(Stored items)
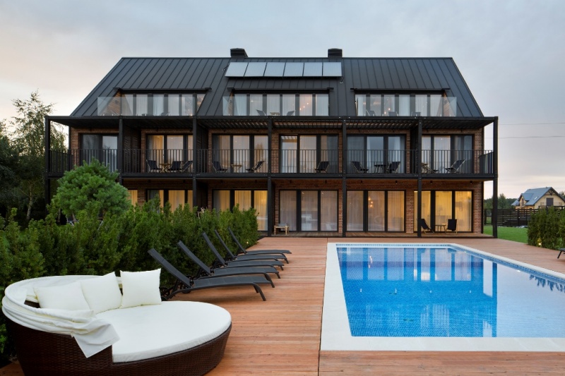 KLONOVA to również ogród sprzyjający towarzyskim rozrywkom. Inwestor projektu był otwarty na innowacje – w efekcie, niewątpliwym udogodnieniem i atrakcją obiektu jest basen ogrzewany energią paneli słonecznych umieszczonych na dachu, przystosowany również dla najmłodszych. Z myślą o nich zaaranżowano także zewnętrzny plac zabaw. Przytulny i domowy klimat pensjonatu pokochali już pierwsi goście. Więcej informacji: http://klonova.pl/bialoogora/.
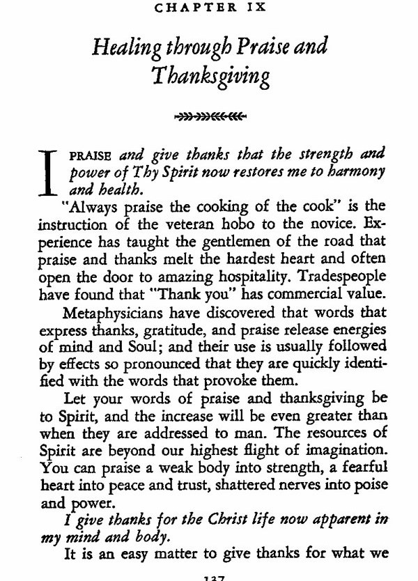 Metaphysicians have discovered that words which express thanks, gratitude, and praise release mind energy of mind and Soul; and their use is usually followed by effects so pronounced that they are quickly identified with the words that provoke them.
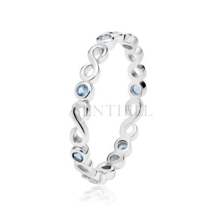 Srebrny delikatny pierścionek pr.925 cyrkonia akwamarynowa - Nieskończoność
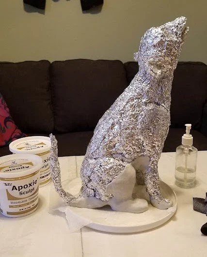 I formed the armature with wire and foil, then coated her with Apoxy sculpting clay, using a comb to create fur and painted her with white acrylic.
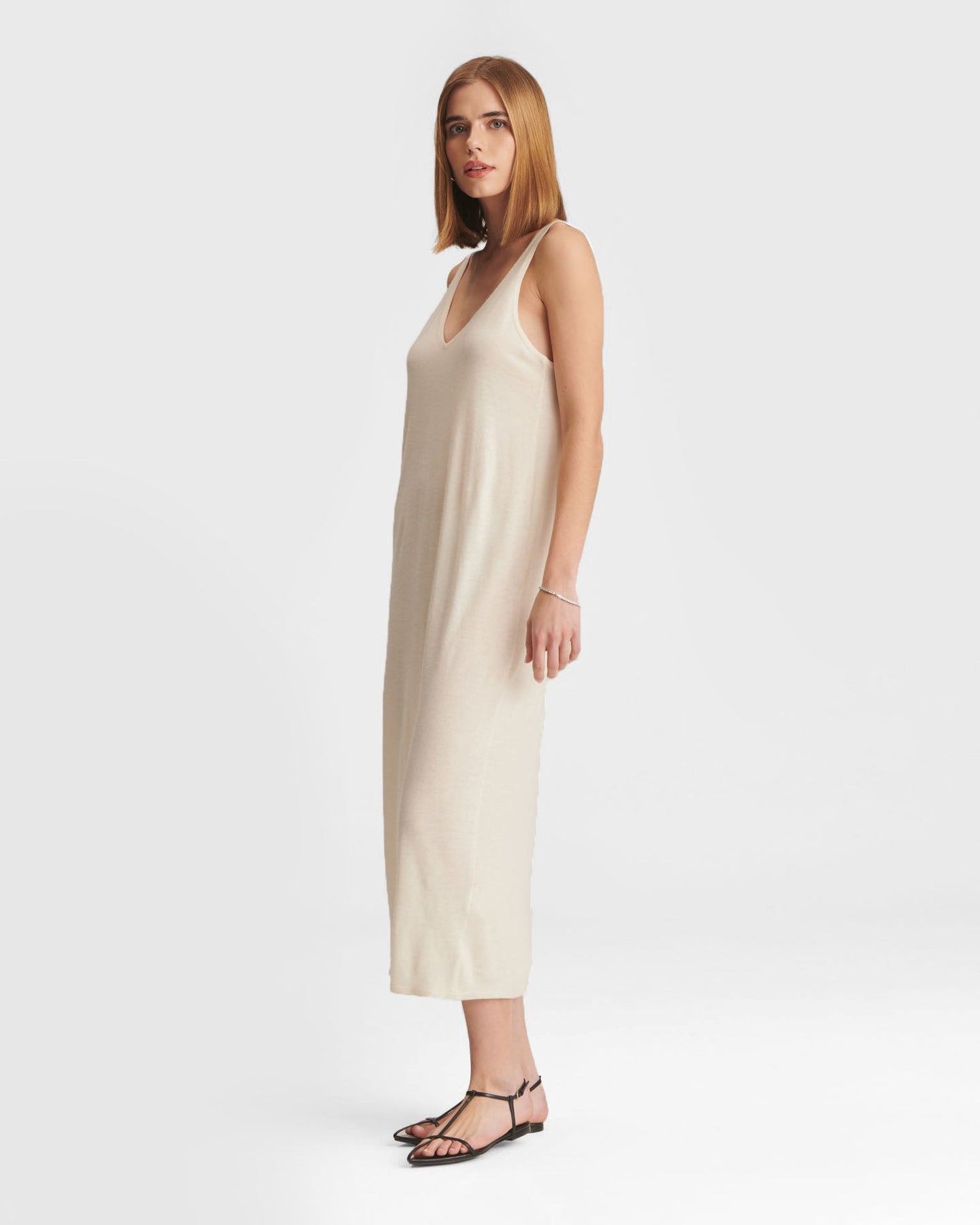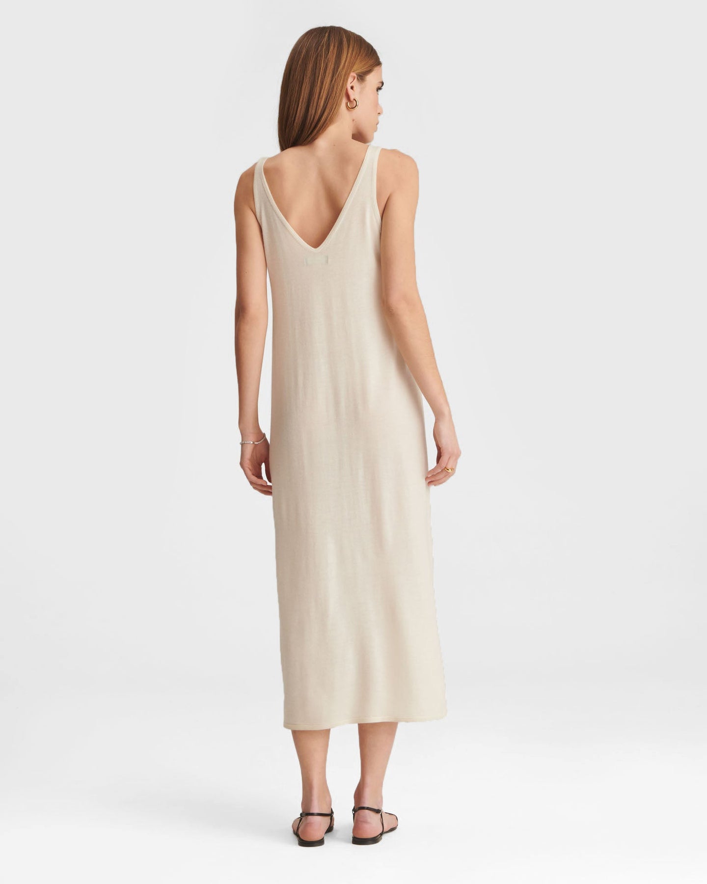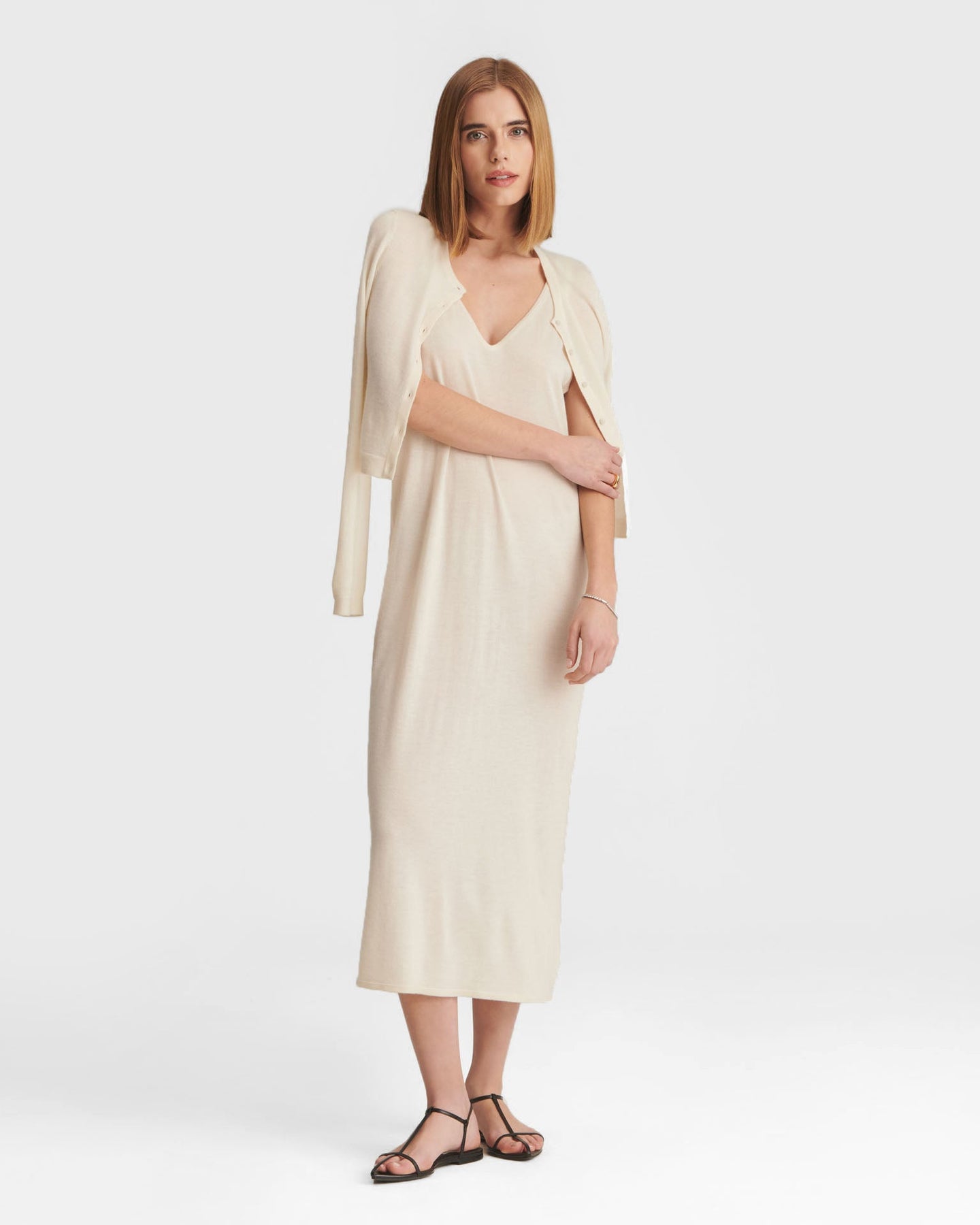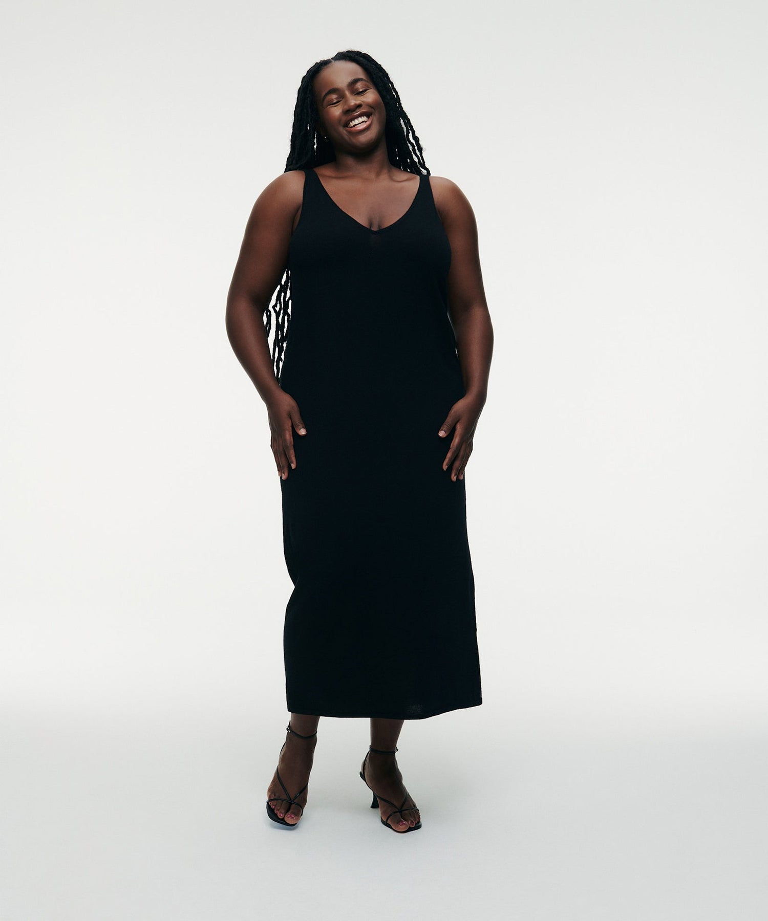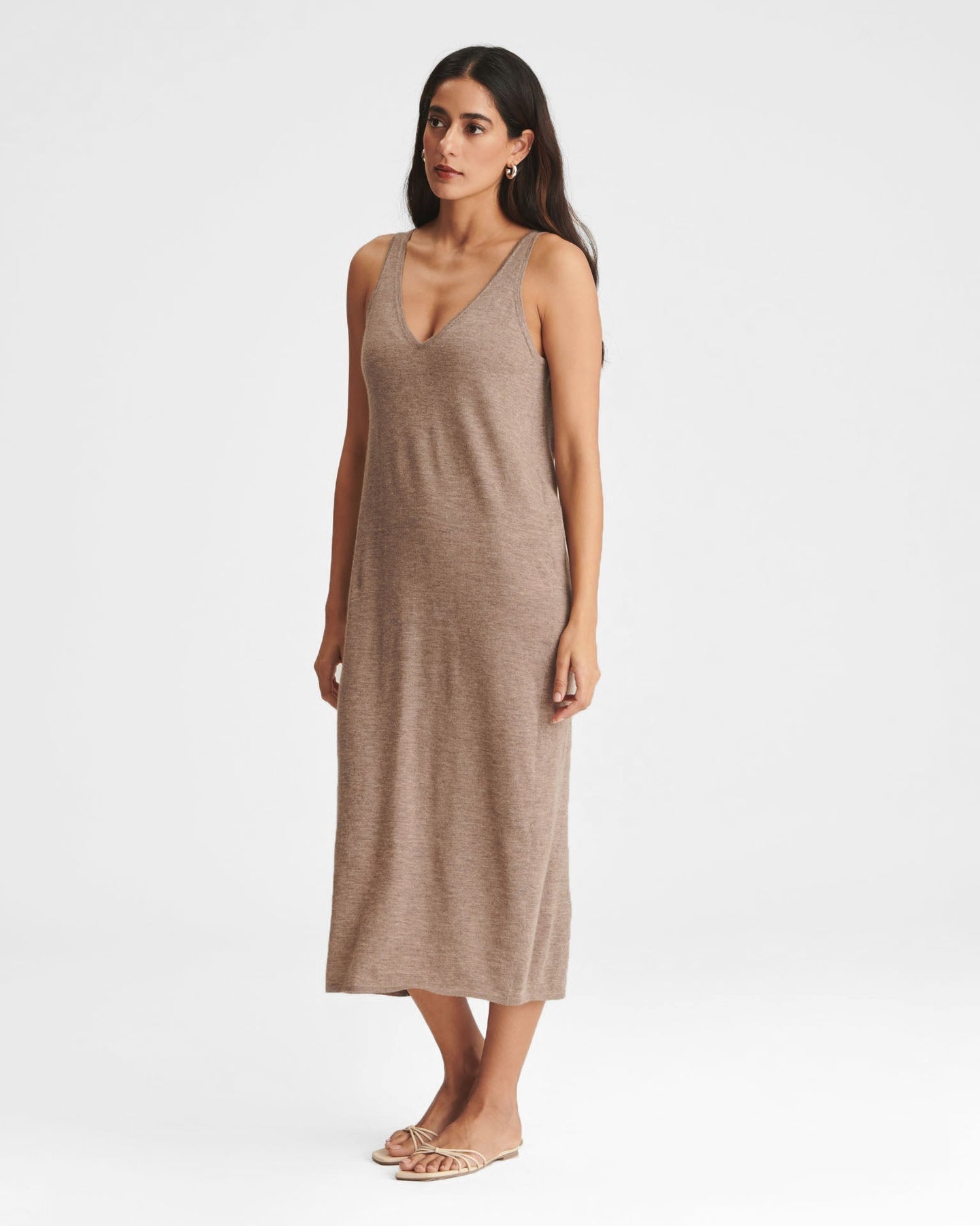The Super Fine Cashmere Tank Dress is a luxuriously-lightweight midi dress with a classic fit. It features a deep v neckline, trimmed edges, and an effortlessly-chic design. Crafted from Super Fine Cashmere: Our premium, 16gg cashmere that’s knit on top-of-the-line machinery. It’s extra-fine and silky-soft.

# [HOW TO COMPLETE THIS TASK]
Copy the entries above exactly, but only the stretch from the line containing "Metaphysicians have discovered" through the line containing "I formed the". Keep both end lines; drop the pictures.

# [RESULT OF THIS TASK]
 Metaphysicians have discovered that words which express thanks, gratitude, and praise release mind energy of mind and Soul; and their use is usually followed by effects so pronounced that they are quickly identified with the words that provoke them.
 Srebrny delikatny pierścionek pr.925 cyrkonia akwamarynowa - Nieskończoność
 I formed the armature with wire and foil, then coated her with Apoxy sculpting clay, using a comb to create fur and painted her with white acrylic.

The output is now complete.